Warren’s universal child care plan was a draw, she said after Beilke-McCallum mentioned it.


The question-and-answer phase of the impeachment trial came to a close on Thursday, but not before some fireworks.

Chief Justice John Roberts blocked a question from Senator Rand Paul that would have revealed the identity of the C.I.A. whistle-blower whose account helped set off impeachment.

And Alan Dershowitz, a member of Trump’s legal team, stood by his controversial argument that anything a president does to ensure his own re-election is inherently in the public interest — even as he accused the news media of distorting his words.

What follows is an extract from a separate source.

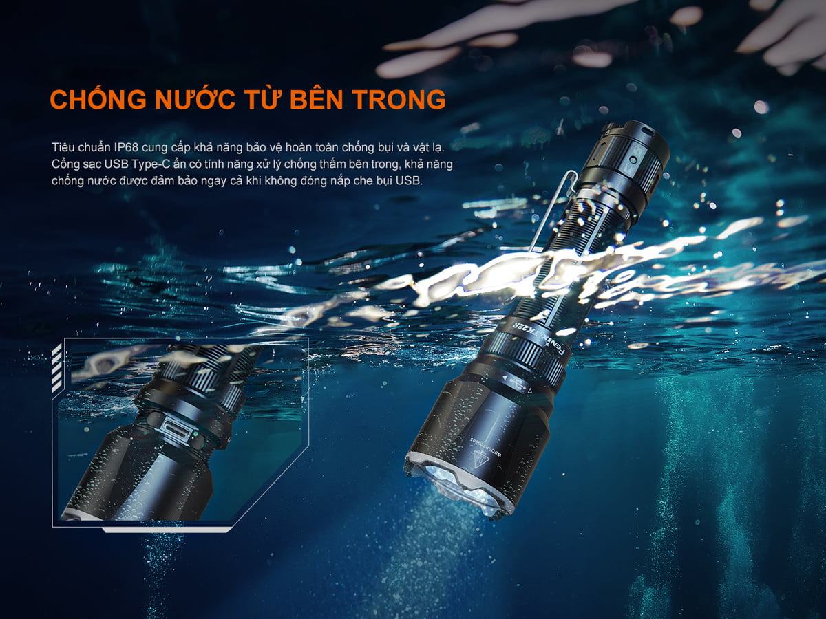 Fenix TK22R thừa hưởng thiết kế từ TK20R UE, vì vậy đèn có kích thước và cụm điều khiển giống nhau. Đèn cũng được trang bị cổng sạc Type C và nắp xoay che liền thân – tin cậy và kín khít gần như tuyệt đối, với thời gian sạc đầy chưa đến 4 giờ đồng hồ.

But all of this commotion could come to a close on Friday. A key Republican senator, Lamar Alexander of Tennessee, said late Thursday that he would vote to block new witnesses and evidences. It was a strong sign that Republicans have the votes to move toward a quick acquittal, which could happen as early as Friday afternoon.

But Chuck Schumer, the Senate minority leader, suggested that he might use parliamentary maneuvers to delay that vote. “The minority has rights, and we will exercise those rights,” Schumer told reporters on Thursday. But he left it at that.